TD Bank seeks to extricate itself from the controversy between Chase and Kahan by means of an interpleader action. In interpleader parlance, TD Bank is the stakeholder. It claims no interest in the funds, and seeks to pay the money into court so it can leave Chase and Kahan to litigate Kahan's purported status as a good faith holder. If permitted to proceed, an interpleader action will protect TD Bank from the risk of paying the money to the wrong claimant, and will relieve TD Bank of the burden of litigating a dispute in which it has no stake. Those are exactly the purposes of the interpleader device. See, e.g., Washington Elec. Coop. v. Paterson, Walke & Pratt, P.C., 985 F.2d 677, 679 (2d Cir. 1993) ("Rooted in equity, interpleader is a handy tool to protect a stakeholder from multiple liability and the vexation of defending multiple claims to the same fund.").
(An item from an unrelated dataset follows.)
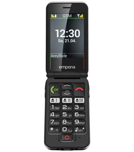 Dieses Klapp-Mobiltelefon von emporia in schwarz verbindet ansprechende Form und Funktionalität. Das Außendisplay zeigt die aktuelle Uhrzeit und eingehende Anrufe an. Farbige Symbole helfen beim Zurechtfinden im Menü. Netz-Standard 1800 MHz/900 MHz Betrieb; SMS-Funktionen MMS (Multimedia Messaging System); SMS; SMS-Speicher: 250; Kontakte per SMS empfangen; Bedienung 3 Zielwahltasten; Wahl über Großtasten; Notruftaste; Notruf mit autom. SMS; Freisprechfunktion; Sprachausgabe; Display/Anzeigen Doppel-Display (innen & außen); OLED-Außendisplay; max. Auflösung, X: 240 Pixel; max. Auflösung, Y: 320 Pixel; Display-Diagonale: 7.112 cm; Display-Diagonale: 2.8"; beleuchtetes Tastenfeld/Tastatur; Schriftgröße horiz./vertikal veränderbar; Gebühren/Daten-Verwaltung 300 Telefonbucheinträge; Taschenrechner; Kalender; Geräte-Funktionen geeignet für Hörgeräte; Rufton-Lautstärke einstellbar; mehrstimmige Ruftöne; regelbare Hörer-Lautstärke; Tastenquittungston; Tastenquittungs-Ton ausschaltbar; Vibrationsalarm; integrierte Taschenlampe; Weckfunktion; Erinnerungsfunktion für Geburtstage; Multimedia-Anwendungen 2 Megapixel Kamera; externer Speicher über microSD-Karte; max. Speicherkartenkapazität: 2 GB; Elektronik-Eigenschaften 64 MB Arbeitsspeicher; 128 MB interner Speicher; SAR-Strahlungsleistung: 0.42 W/kg; Nano-SIM Karte; Anschlüsse Bluetooth V2.1; USB-C; Headset-Anschluss; Stromversorgung Li-Ionen Akku; Kapazität, Standard Akku: 1300 mAh; ca. 360 Min. Sprechzeit; laden mit Netzteil möglich; laden mit Tischladegerät möglich; Gehäuse-Eigenschaften Bauart: Klapphandy; Breite: 5.1 cm; Höhe: 10.6 cm; Tiefe: 1.8 cm; Gewicht: 92 g; spritzwassergeschützt (IP54); Lieferung inklusive... zusätzlicher Akkudeckel ohne Notruftaste; USB-C Ladekabel mit Netzstecker; Ladeschale; Headset; Bedienungsanleitung; Farben schwarz; ...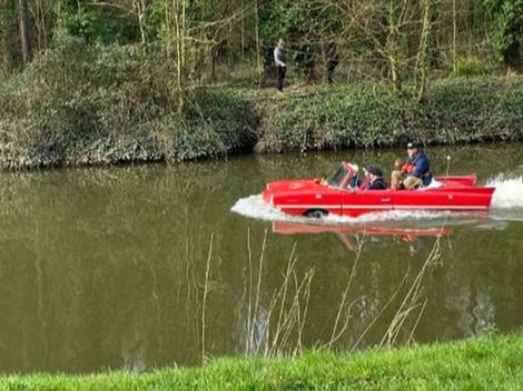 La véritable auto amphibie roule sur terre et navigue sur l’eau propulsée par le même moteur. La seule qui ait vraiment fonctionné est celle mise au point par l’industriel allemand Hans Trippel dans les années 60. L’Amphicar était construite à sur une base de Triumph Herald, voiture anglaise dont le moteur 1147 CC était le plus moderne de l’époque. L’Amphicar est annoncée avec des performances alléchantes : 112 km/h sur route et 7 nœuds sur l’eau. Une authentique auto et un petit bateau pour se promener sur des eaux calmes. Sur terre, l’Amphicar se révèle dangereuse au-delà de 70 km/h. La garde au sol est si élevée que la tenue de route est aléatoire. Sur l’eau, c’est un problème de direction qui rend les manœuvres imprécises : en effet, ce sont les roues avant qui font office de gouvernail… Autant dire qu’il faut tellement anticiper au moindre courant et à chaque souffle de brise, que les heureux propriétaires de l’Amphicar n’osent sortir leur joli cabriolet que sur les plans d’eau douce et par calme plat. Quand même : deux Amphicars ont traversé la Manche de Douvres à Calais le 16 septembre 1962. La légende raconte qu’elles ont affronté des vagues de six mètres. Cette légende n’est pas plus vraie que les autres. Il y avait une longue houle d’ouest certes, mais pas de vagues et peu de vent. Peu de courant aussi : la traversée s’est faite en mortes-eaux, quelques jours après les marées d’équinoxe. Le même jour, le président John Kennedy annonçait la détermination américaine de conquérir la lune. Malgré la Guerre Froide, c’était l’époque de toutes les ambitions...

An interpleader action is generally conducted in two stages: during the first stage, the court determines whether interpleader is appropriate and the stakeholder is entitled to bring the action; during the second, the Court determines the rights of the competing claimants to the fund. Avant Petroleum, Inc. v. Banque Paribas, 853 F.2d 140, 143 (2d Cir. 1988). The question on this motion is whether, at the first stage, TD Bank has sufficiently pled facts that, accepted as true, show that an interpleader action is the proper procedural means for resolving the dispute between Chase and Kahan.

The interpleader statute requires "[t]wo or more adverse claimants" who "are claiming or may claim to be entitled" to the contested property. 28 U.S.C. § 1335(a)(1). In determining whether an interpleader action is appropriate, a court must assess whether the stakeholder "legitimately fear[s] multiple [liability] directed against a single fund, regardless of the merits of the competing claims." Merrill Lynch, Pierce, Fenner & Smith, Inc. v. Clemente, No. 98 Civ. 1756, 2001 WL 11070, at *5 (S.D.N.Y. Jan. 4, 2001); Washington Elec., 985 F.2d at 679 ("[W]hat triggers interpleader is a real and reasonable fear of double liability or vexatious, conflicting claims." (quotation marks omitted)).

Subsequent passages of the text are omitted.